### TASK TO COMPLETE
Reproduce the entire listing exactly. Leave the pictures out.
Top of EXERCISE INPUT
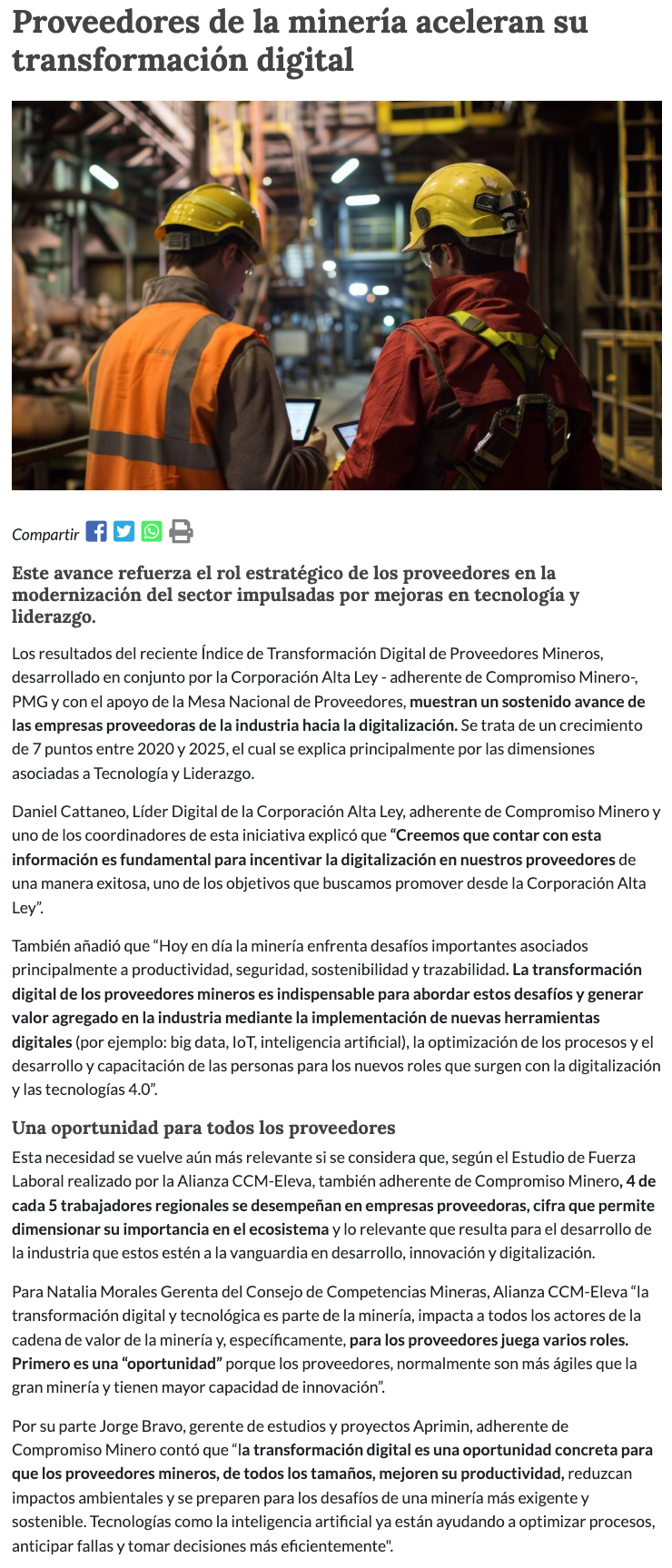 Proveedores de la minería aceleran su transformación digital y marcan tendencia en la industria - (tierramarillano.cl)
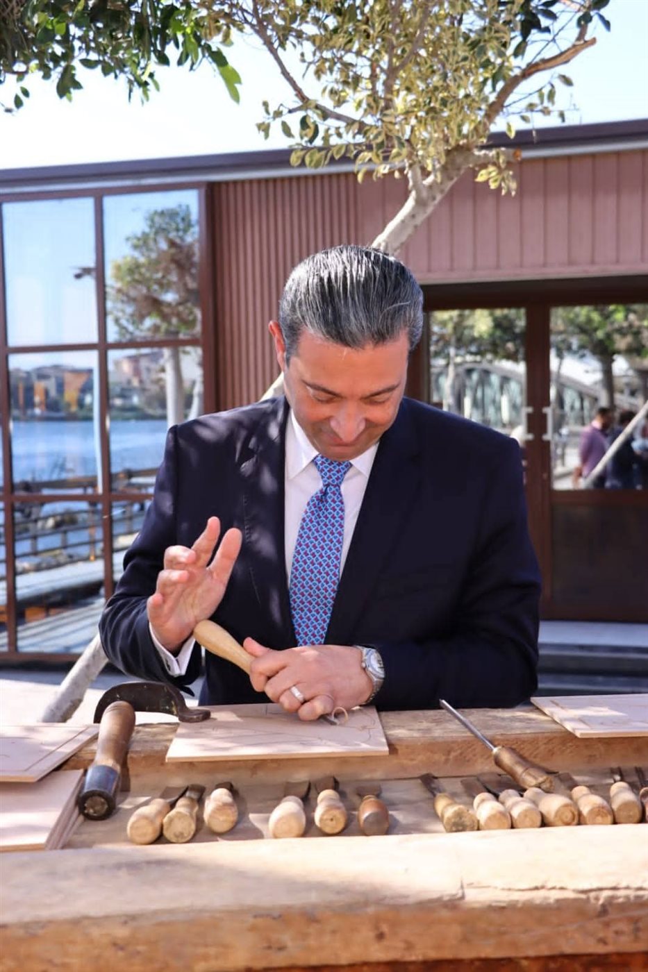 الشهابي يشارك في تجربة نحت على الخشب ويشيد بمهارة الصناع الدمايطة في فن الأويما
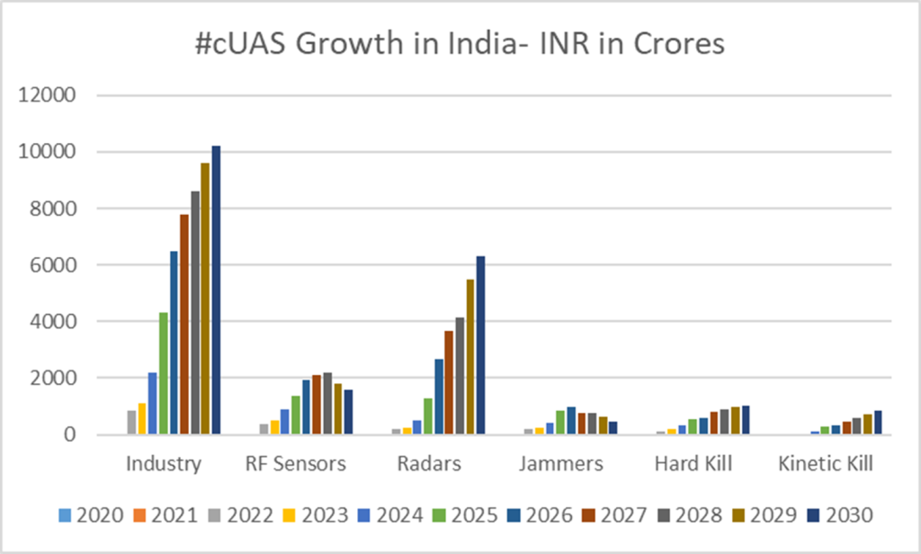 The current conflict in Ukraine has emerged as one of the biggest example as to how the technology can be repurposed to gain asymmetric advantage in the theatre of war, or so to say, alter the theatre itself. After their use in the Nagorno Karabach conflict and thereafter in the Aramco Attack and now in Ukraine-Russia War, the drones are seemingly becoming the biggest subject of intrigue. More than their legacy ISR roles their importance in the front lines has been felt in all together a different role. The use of commonly available commercial drones to deliver explosive payloads with near surgical precision in great numbers has nearly altered the perception about this threat vector. The ease of use, proliferation of the tech and the costs economics of rigging the drones for nefarious intent is both worrisome and an incentive for radical thinking in the development of the countermeasures. Gone are the days when even the most benign drone sightings can ever be ignored, if you see a drone in your part of the sky and cannot identify to be your own, the disaster could just be behind the corner; today, the adversary has capability to deliver artillery fire with exact precision and also enjoy the first person view of the harm they can inflict with help of small low cost drones, which we would have earlier brushed as toys! The moot question that now haunts every defence practitioner, is their inadequacy to counter this fast emerging aerial threat, which is getting away almost unchallenged; we have seen the simplest of the tech deployed in the famous low costs Shaheds is overwhelming the defences like never before. Most of us are ready to lose our sleep at the first reference of anything called swarm, however, the Robust all powerful Anti Drone solution seems to elude almost all of the governments across the globe.The art of countering the drone threats or the #cUAS is emerging as a whole new discipline and largely a work in progress. Most of the Antidrone solutions available in yester years were largely repurposed EW solutions; till the time the drone was dependent on the Pilot control, it was easy to Jam the control signals and force the drone to Return to the base, land at the location or hover for a while. With the capability to negate the GNSS navigational aids, even the autonomous UAVs could be somehow countered, however things are not same with the advent of 3G/4G/LTE and now 5G. The Counter Drone industry in India is quite young and most of the counter measures have so far been focussing on the Jammers. Though the jammers have been so far doing a great job, the newer generation of the drones have been successful to go past the barrier and conclude their missions. We have seen that the complex Air Defence complexes have themselves been targeted using the jammer location as the navigation tool! Even though these trends are very alarming and the threat vector gains strength from the fact that the newer navigation controls based in 3G/4G/5G band are both difficult to detect and jam, with the use of Inertial Navigation tools like Lidars and Optical Guidance make Jamming, Spoofing and Protocol Manipulation are seemingly losing their teeth. It must not otherwise mean that there are no real solutions against the drone attacks, the ones other than the jammers are not that simple nor so cheap and thus less common. In the above infographic, the Jammers shown in Red and the GPS/GNSS denial shown in pink, the advanced counter drone systems use Directed Energy weapons (DEW) like lasers shown in Yellow and HPM devices shown in Skyblue. Till the time these DEW tools like lasers and High Power Microwaves become affordable and easily available, their dominance in the counter UAS strategy is still quite a distant option. These Hard Kill options are currently both experimental and bulky, their use in the real theatres of war is quite promising, however, these weapons cannot be deployed in the urban spaces and during the peace time. When this deadly trouble is falling freely from the skies, and this asymmetric warfare needs to be contained somehow, the soldier on the ground can always deploy the weapons they have in hand, we have seen successful attempts to bring down the Pakistani drones by our own BSF, those sharp shooters are doing a good job. Giving them long range guns along with digital targeting aids shall be a good option. Use of missiles is another commonly counter attack practice, being reported in several battle zones. The missiles and rockets are both expensive and a very scarce resource, though these do become a primary tool, when the adversary has launched a frontal attack using bigger military drones, in the civilian space, the ballistics are not a preferred option, you need to match the response according to the size and the enormity of the threats. Recently the lasers emerged to be seen as the most promising, our very own DRDO has successfully deployed the laser weapons in the D4 system and it seems to be just a matter of time, when the bigger, yet deadlier version Kali5000 could be the game changer. The HPM-High Power Microwave option had so far suffered on account of their bulky format, lower power and operational ranges and very high cost. The announcements from another US based innovator Epirus puts their HPM unit-Leonidas amongst the most desired Anti-Drone tools. The “DroneCatchers” as these specialised drones are now being popularly called fill up the gap between the “Soft Kill” space, occupied by the Jammers and Spoofers and the “Hard Kill” options like Rockets, Missiles, Ballistics, Lasers and soon to come High Power Microwave devices. Day time PTZ cameras have evolved as an effective drone tracking tool but their use in autonomous drone detection is still circumspect due to the limitations with the technology and environmental conditions in several parts of North India. Despite their high costs, the
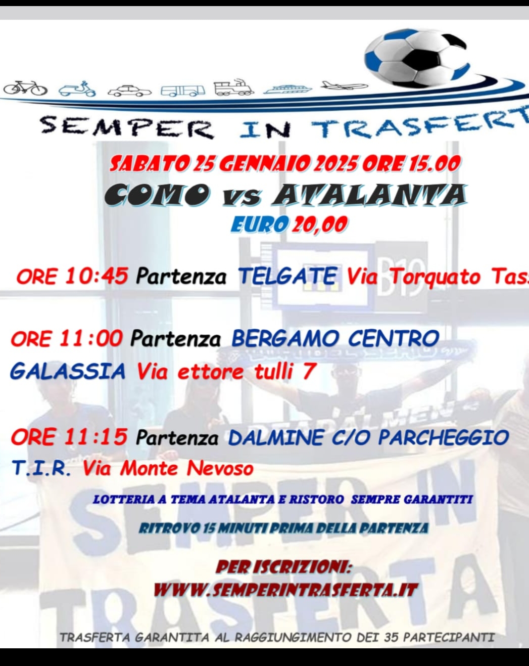 Semper in Trasferta organizza la trasferta per la partita di campionato Como -Atalanta
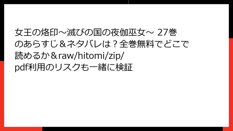 こんにちは、マンガファンの皆さん! 『女王の烙印~滅びの国の夜伽巫女~』は、緋紋島を舞台にしたエロティックホラーとして、加藤キャシー先生の魅力的なストーリーと作画で多くの読者を魅了しています。しかし、raw、hitomi、zip、pdf、漫画バンクといった海賊版サイトでこの作品を読むことを検討している方もいるかもしれません。無料で読める誘惑は強いですが、海賊版サイトの利用には重大なリスクが伴います。この記事では、
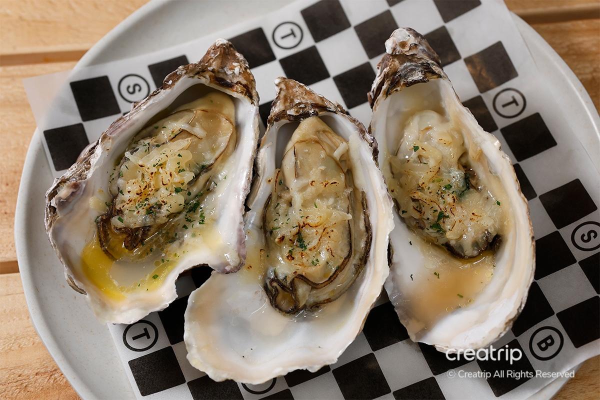 'Grilled oysters' มีเนื้อขนาดใหญ่มากซึ่งทำให้เคี้ยวได้เพลิดเพลินอย่างมาก มันมีรสชาติเนยและเข้ากันได้ดีกับชีส เนื้อสัมผัสนุ่มชื้นละลายในปากของฉันได้อย่างละมุนละไม รับรสชาติสดชื่นจากทะเลได้อย่างเต็มที่ และการจับคู่กับไวน์ก็ยอดเยี่ยมมาก
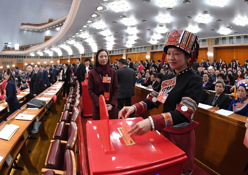 △2018年3月11日,在十三屆全國(guó)人大一次會(huì)議第三次全體會(huì)議上,代表們?cè)谕镀北頉Q《中華人民共和國(guó)憲法修正案(草案)》。
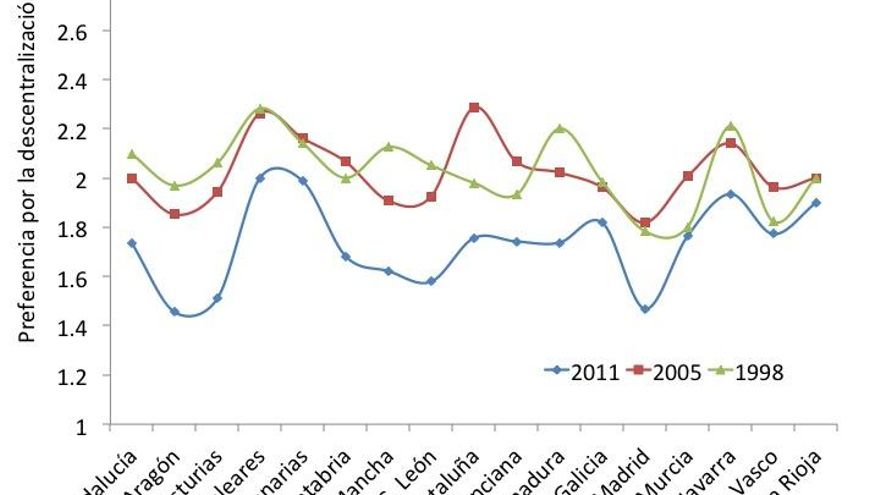 Donde sí parece existir un creciente divorcio entre los ciudadanos es en la cuestión territorial. El aumento del centralismo en la opinión pública es la principal novedad que aparece cuando se agregan los resultados de manera nacional. Sin embargo, ello solo describe una parte de los cambios que se están produciendo. La otra parte tiene que ver con un creciente distanciamiento entre el modelo territorial que prefieren los ciudadanos en unas comunidades autónomas y en otras.
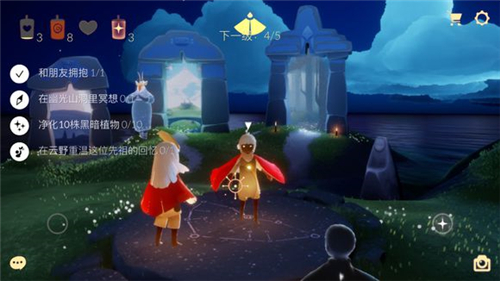 3、玩家每献祭四个小人就可获得一个完整的升华蜡烛,重生之后用升华蜡烛,在时光门前的星盘解锁任意先祖树的高级选项,就可以得到永久光之翼。
Bottom of EXERCISE INPUT
### RESPONSE AREA
 Proveedores de la minería aceleran su transformación digital y marcan tendencia en la industria - (tierramarillano.cl)
 الشهابي يشارك في تجربة نحت على الخشب ويشيد بمهارة الصناع الدمايطة في فن الأويما
 The current conflict in Ukraine has emerged as one of the biggest example as to how the technology can be repurposed to gain asymmetric advantage in the theatre of war, or so to say, alter the theatre itself. After their use in the Nagorno Karabach conflict and thereafter in the Aramco Attack and now in Ukraine-Russia War, the drones are seemingly becoming the biggest subject of intrigue. More than their legacy ISR roles their importance in the front lines has been felt in all together a different role. The use of commonly available commercial drones to deliver explosive payloads with near surgical precision in great numbers has nearly altered the perception about this threat vector. The ease of use, proliferation of the tech and the costs economics of rigging the drones for nefarious intent is both worrisome and an incentive for radical thinking in the development of the countermeasures. Gone are the days when even the most benign drone sightings can ever be ignored, if you see a drone in your part of the sky and cannot identify to be your own, the disaster could just be behind the corner; today, the adversary has capability to deliver artillery fire with exact precision and also enjoy the first person view of the harm they can inflict with help of small low cost drones, which we would have earlier brushed as toys! The moot question that now haunts every defence practitioner, is their inadequacy to counter this fast emerging aerial threat, which is getting away almost unchallenged; we have seen the simplest of the tech deployed in the famous low costs Shaheds is overwhelming the defences like never before. Most of us are ready to lose our sleep at the first reference of anything called swarm, however, the Robust all powerful Anti Drone solution seems to elude almost all of the governments across the globe.The art of countering the drone threats or the #cUAS is emerging as a whole new discipline and largely a work in progress. Most of the Antidrone solutions available in yester years were largely repurposed EW solutions; till the time the drone was dependent on the Pilot control, it was easy to Jam the control signals and force the drone to Return to the base, land at the location or hover for a while. With the capability to negate the GNSS navigational aids, even the autonomous UAVs could be somehow countered, however things are not same with the advent of 3G/4G/LTE and now 5G. The Counter Drone industry in India is quite young and most of the counter measures have so far been focussing on the Jammers. Though the jammers have been so far doing a great job, the newer generation of the drones have been successful to go past the barrier and conclude their missions. We have seen that the complex Air Defence complexes have themselves been targeted using the jammer location as the navigation tool! Even though these trends are very alarming and the threat vector gains strength from the fact that the newer navigation controls based in 3G/4G/5G band are both difficult to detect and jam, with the use of Inertial Navigation tools like Lidars and Optical Guidance make Jamming, Spoofing and Protocol Manipulation are seemingly losing their teeth. It must not otherwise mean that there are no real solutions against the drone attacks, the ones other than the jammers are not that simple nor so cheap and thus less common. In the above infographic, the Jammers shown in Red and the GPS/GNSS denial shown in pink, the advanced counter drone systems use Directed Energy weapons (DEW) like lasers shown in Yellow and HPM devices shown in Skyblue. Till the time these DEW tools like lasers and High Power Microwaves become affordable and easily available, their dominance in the counter UAS strategy is still quite a distant option. These Hard Kill options are currently both experimental and bulky, their use in the real theatres of war is quite promising, however, these weapons cannot be deployed in the urban spaces and during the peace time. When this deadly trouble is falling freely from the skies, and this asymmetric warfare needs to be contained somehow, the soldier on the ground can always deploy the weapons they have in hand, we have seen successful attempts to bring down the Pakistani drones by our own BSF, those sharp shooters are doing a good job. Giving them long range guns along with digital targeting aids shall be a good option. Use of missiles is another commonly counter attack practice, being reported in several battle zones. The missiles and rockets are both expensive and a very scarce resource, though these do become a primary tool, when the adversary has launched a frontal attack using bigger military drones, in the civilian space, the ballistics are not a preferred option, you need to match the response according to the size and the enormity of the threats. Recently the lasers emerged to be seen as the most promising, our very own DRDO has successfully deployed the laser weapons in the D4 system and it seems to be just a matter of time, when the bigger, yet deadlier version Kali5000 could be the game changer. The HPM-High Power Microwave option had so far suffered on account of their bulky format, lower power and operational ranges and very high cost. The announcements from another US based innovator Epirus puts their HPM unit-Leonidas amongst the most desired Anti-Drone tools. The “DroneCatchers” as these specialised drones are now being popularly called fill up the gap between the “Soft Kill” space, occupied by the Jammers and Spoofers and the “Hard Kill” options like Rockets, Missiles, Ballistics, Lasers and soon to come High Power Microwave devices. Day time PTZ cameras have evolved as an effective drone tracking tool but their use in autonomous drone detection is still circumspect due to the limitations with the technology and environmental conditions in several parts of North India. Despite their high costs, the
 Semper in Trasferta organizza la trasferta per la partita di campionato Como -Atalanta
 こんにちは、マンガファンの皆さん! 『女王の烙印~滅びの国の夜伽巫女~』は、緋紋島を舞台にしたエロティックホラーとして、加藤キャシー先生の魅力的なストーリーと作画で多くの読者を魅了しています。しかし、raw、hitomi、zip、pdf、漫画バンクといった海賊版サイトでこの作品を読むことを検討している方もいるかもしれません。無料で読める誘惑は強いですが、海賊版サイトの利用には重大なリスクが伴います。この記事では、
 'Grilled oysters' มีเนื้อขนาดใหญ่มากซึ่งทำให้เคี้ยวได้เพลิดเพลินอย่างมาก มันมีรสชาติเนยและเข้ากันได้ดีกับชีส เนื้อสัมผัสนุ่มชื้นละลายในปากของฉันได้อย่างละมุนละไม รับรสชาติสดชื่นจากทะเลได้อย่างเต็มที่ และการจับคู่กับไวน์ก็ยอดเยี่ยมมาก
 △2018年3月11日,在十三屆全國(guó)人大一次會(huì)議第三次全體會(huì)議上,代表們?cè)谕镀北頉Q《中華人民共和國(guó)憲法修正案(草案)》。
 Donde sí parece existir un creciente divorcio entre los ciudadanos es en la cuestión territorial. El aumento del centralismo en la opinión pública es la principal novedad que aparece cuando se agregan los resultados de manera nacional. Sin embargo, ello solo describe una parte de los cambios que se están produciendo. La otra parte tiene que ver con un creciente distanciamiento entre el modelo territorial que prefieren los ciudadanos en unas comunidades autónomas y en otras.
 3、玩家每献祭四个小人就可获得一个完整的升华蜡烛,重生之后用升华蜡烛,在时光门前的星盘解锁任意先祖树的高级选项,就可以得到永久光之翼。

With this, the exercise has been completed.